▶ _Your objective_
With the pictures left out, retype exactly the lines below starting at the line that contains "Give your workspace" and ending at the line that contains "style and practicality.".

▶ _Source material_

* * * * *

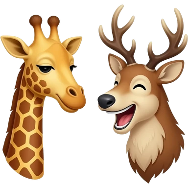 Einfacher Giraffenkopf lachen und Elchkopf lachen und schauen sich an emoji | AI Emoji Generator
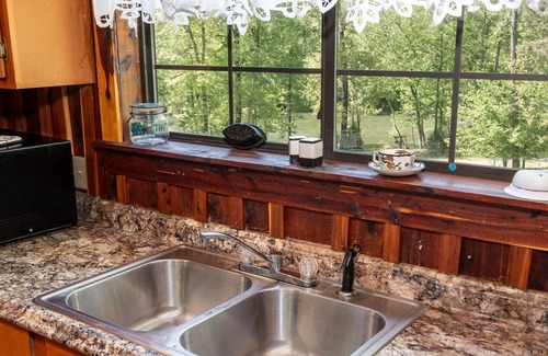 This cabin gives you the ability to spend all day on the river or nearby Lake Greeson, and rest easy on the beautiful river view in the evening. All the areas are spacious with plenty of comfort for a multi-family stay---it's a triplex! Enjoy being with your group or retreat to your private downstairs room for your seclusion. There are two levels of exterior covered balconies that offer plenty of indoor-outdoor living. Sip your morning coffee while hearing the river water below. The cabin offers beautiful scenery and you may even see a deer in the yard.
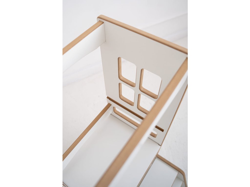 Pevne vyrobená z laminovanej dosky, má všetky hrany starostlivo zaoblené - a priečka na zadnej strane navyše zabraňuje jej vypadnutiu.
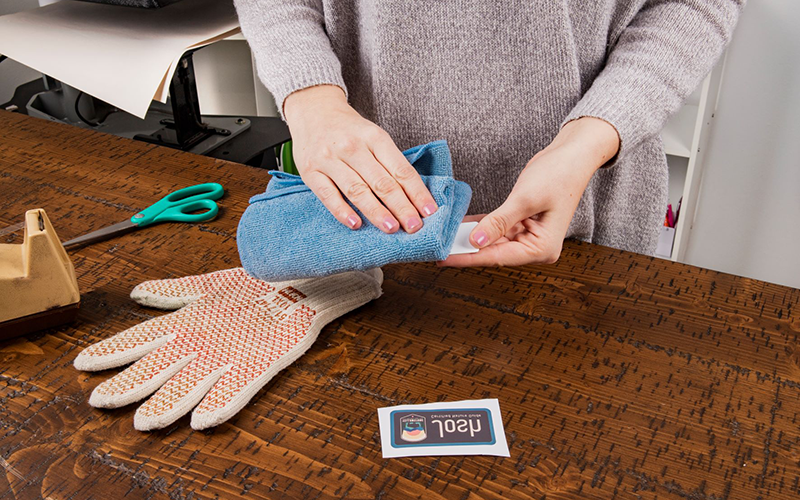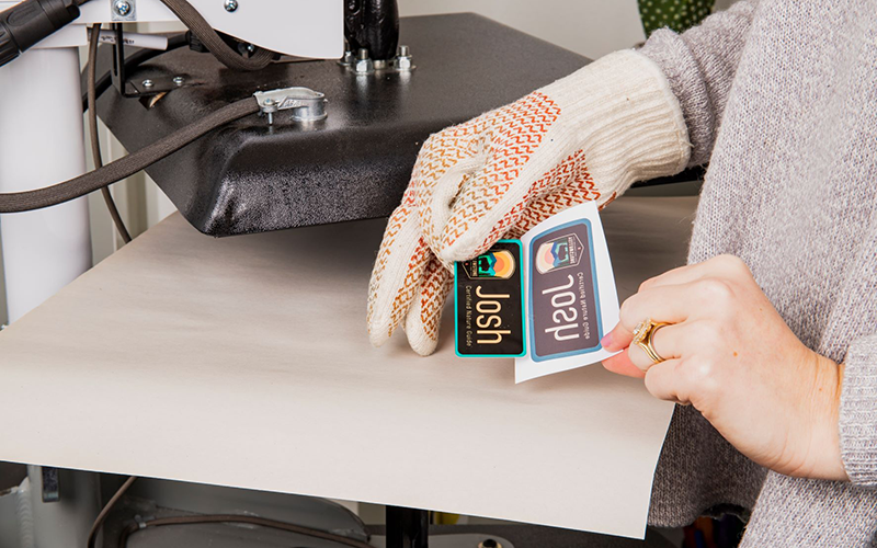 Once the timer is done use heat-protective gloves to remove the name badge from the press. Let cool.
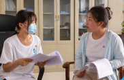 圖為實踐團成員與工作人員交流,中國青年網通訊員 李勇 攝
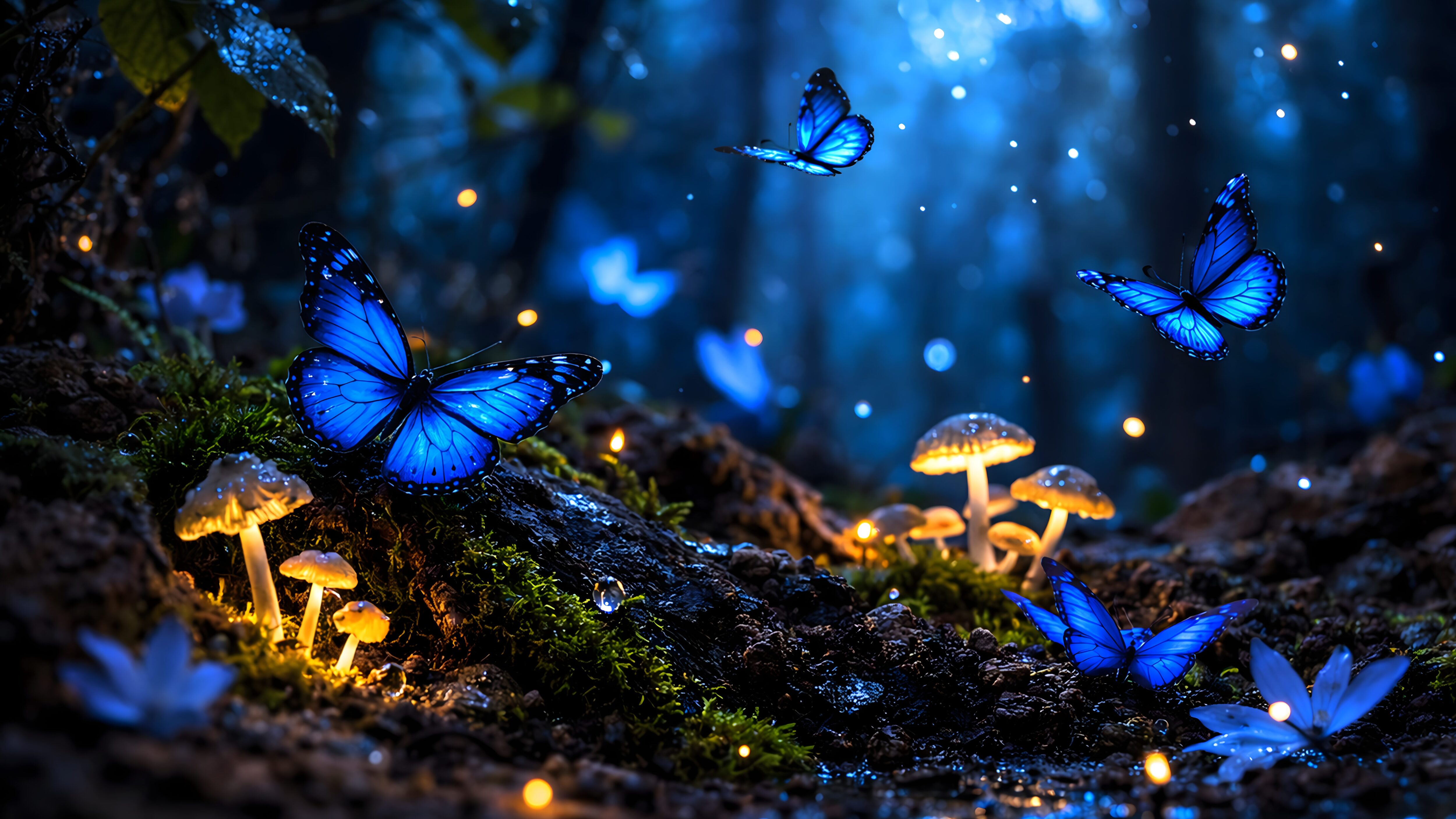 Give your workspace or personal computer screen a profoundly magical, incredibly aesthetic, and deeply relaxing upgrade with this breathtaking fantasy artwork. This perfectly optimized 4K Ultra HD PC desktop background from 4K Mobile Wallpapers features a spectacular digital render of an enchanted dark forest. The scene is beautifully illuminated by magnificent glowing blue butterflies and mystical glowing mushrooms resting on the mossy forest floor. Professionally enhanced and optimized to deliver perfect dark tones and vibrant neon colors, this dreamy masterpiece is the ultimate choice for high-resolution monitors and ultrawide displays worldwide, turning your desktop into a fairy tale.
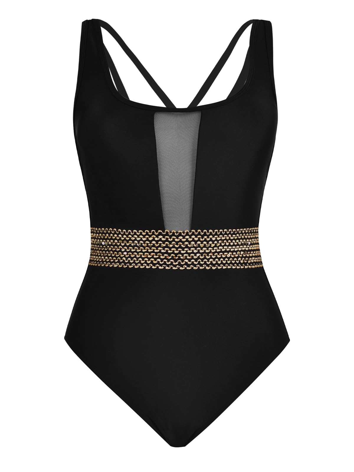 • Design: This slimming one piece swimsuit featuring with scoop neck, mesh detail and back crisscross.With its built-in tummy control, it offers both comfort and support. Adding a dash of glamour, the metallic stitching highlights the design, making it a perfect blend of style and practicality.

* * * * *

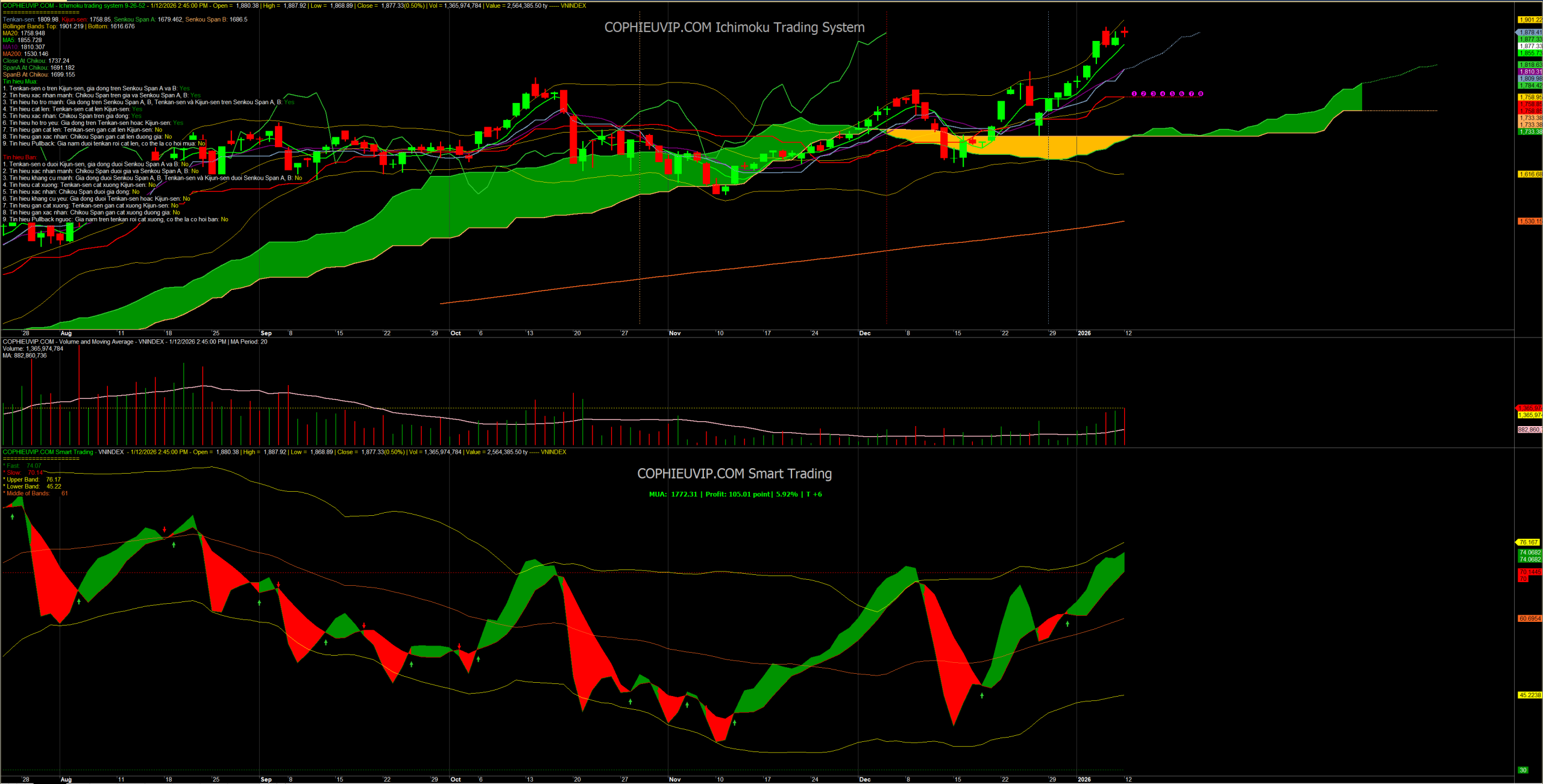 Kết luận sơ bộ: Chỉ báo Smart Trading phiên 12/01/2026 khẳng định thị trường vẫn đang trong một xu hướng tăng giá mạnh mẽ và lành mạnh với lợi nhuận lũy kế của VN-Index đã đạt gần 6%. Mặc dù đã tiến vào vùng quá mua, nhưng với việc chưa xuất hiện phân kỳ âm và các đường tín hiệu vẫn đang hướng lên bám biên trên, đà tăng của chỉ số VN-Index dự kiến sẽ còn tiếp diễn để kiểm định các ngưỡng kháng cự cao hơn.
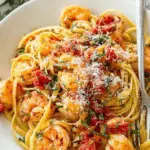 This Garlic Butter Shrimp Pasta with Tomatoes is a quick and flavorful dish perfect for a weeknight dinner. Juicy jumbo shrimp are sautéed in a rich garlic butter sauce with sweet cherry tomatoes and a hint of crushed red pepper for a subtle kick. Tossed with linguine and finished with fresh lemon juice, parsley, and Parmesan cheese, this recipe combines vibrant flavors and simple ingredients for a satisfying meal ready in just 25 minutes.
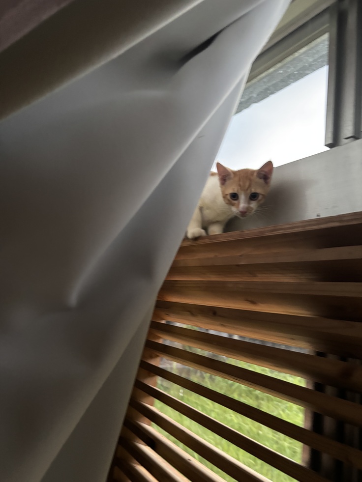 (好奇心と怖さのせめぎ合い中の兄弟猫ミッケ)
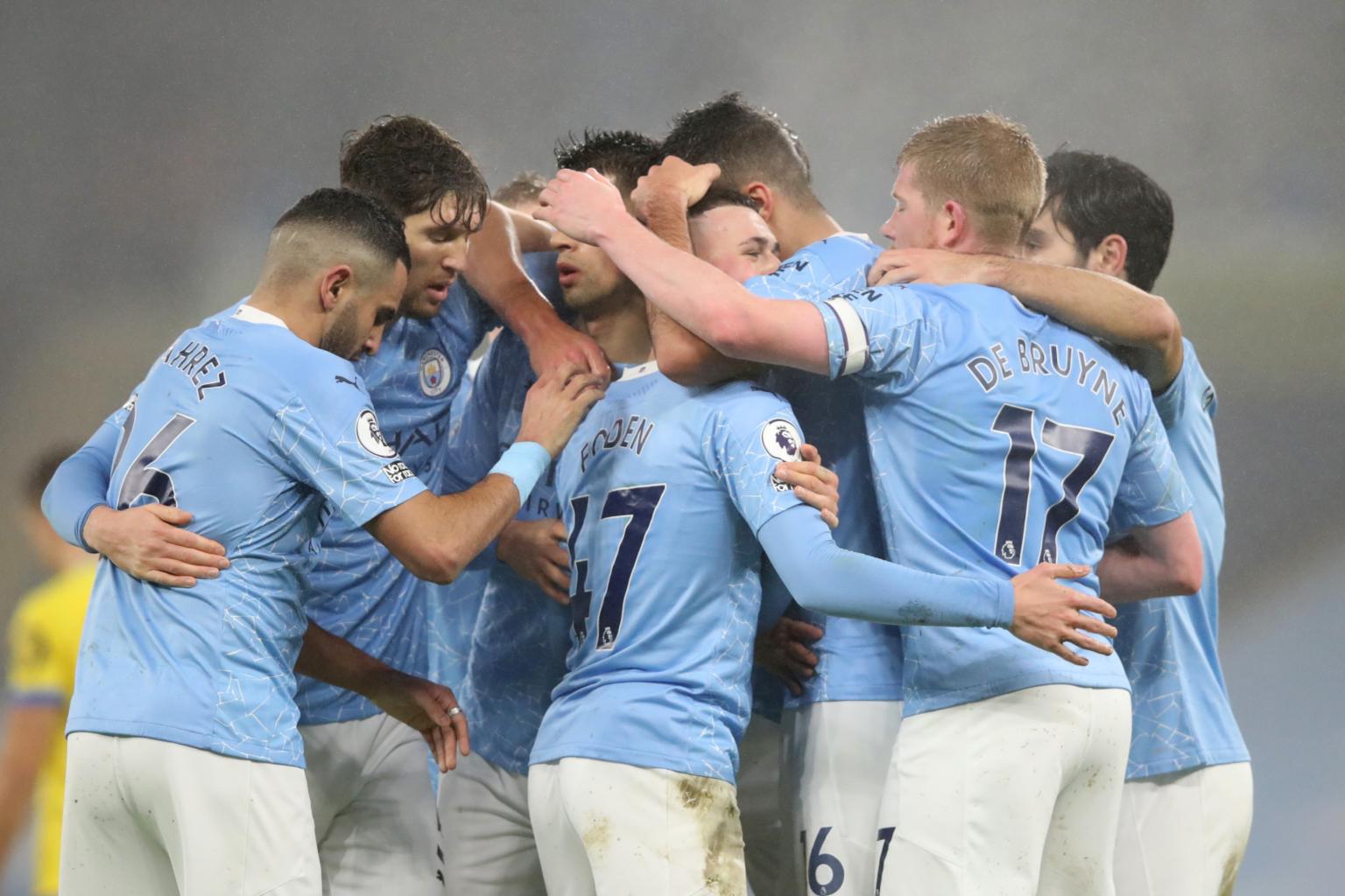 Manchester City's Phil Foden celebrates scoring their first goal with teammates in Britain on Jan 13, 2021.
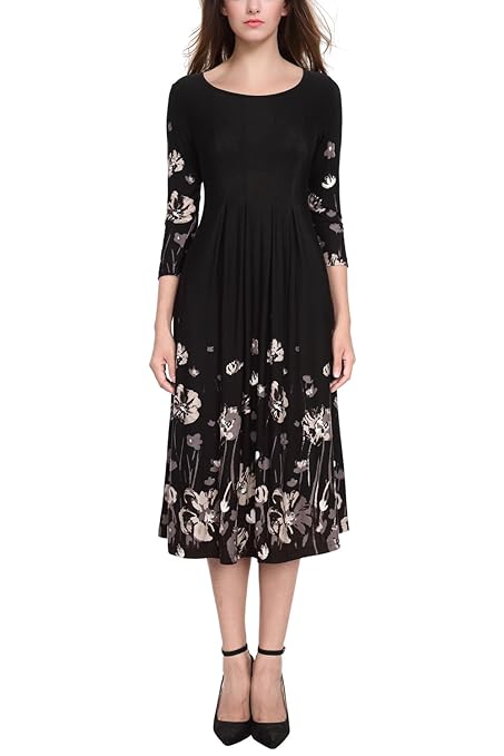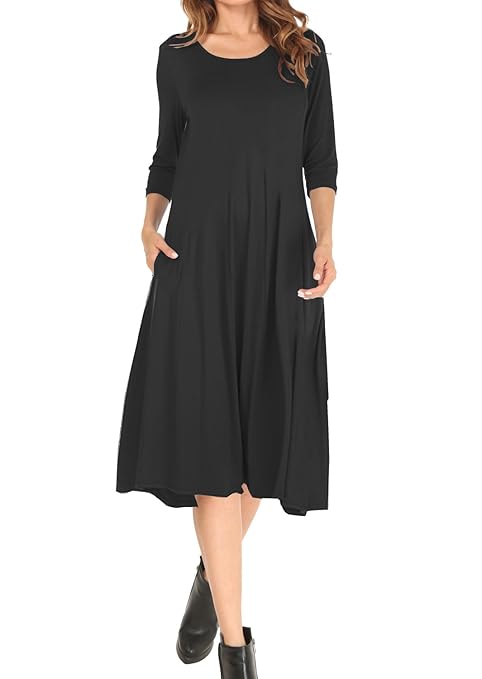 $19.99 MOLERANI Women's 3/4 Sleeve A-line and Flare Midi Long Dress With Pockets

* * * * *

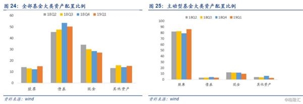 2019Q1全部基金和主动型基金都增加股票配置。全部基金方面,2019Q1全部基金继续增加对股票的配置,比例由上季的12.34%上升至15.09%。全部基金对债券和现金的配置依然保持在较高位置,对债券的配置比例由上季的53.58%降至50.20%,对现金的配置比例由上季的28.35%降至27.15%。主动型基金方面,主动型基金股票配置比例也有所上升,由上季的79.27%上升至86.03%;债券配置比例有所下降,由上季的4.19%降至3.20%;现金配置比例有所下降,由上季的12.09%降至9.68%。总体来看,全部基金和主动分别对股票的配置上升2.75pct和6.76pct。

* * * * *

▶ _Exercise output_
 Give your workspace or personal computer screen a profoundly magical, incredibly aesthetic, and deeply relaxing upgrade with this breathtaking fantasy artwork. This perfectly optimized 4K Ultra HD PC desktop background from 4K Mobile Wallpapers features a spectacular digital render of an enchanted dark forest. The scene is beautifully illuminated by magnificent glowing blue butterflies and mystical glowing mushrooms resting on the mossy forest floor. Professionally enhanced and optimized to deliver perfect dark tones and vibrant neon colors, this dreamy masterpiece is the ultimate choice for high-resolution monitors and ultrawide displays worldwide, turning your desktop into a fairy tale.
 • Design: This slimming one piece swimsuit featuring with scoop neck, mesh detail and back crisscross.With its built-in tummy control, it offers both comfort and support. Adding a dash of glamour, the metallic stitching highlights the design, making it a perfect blend of style and practicality.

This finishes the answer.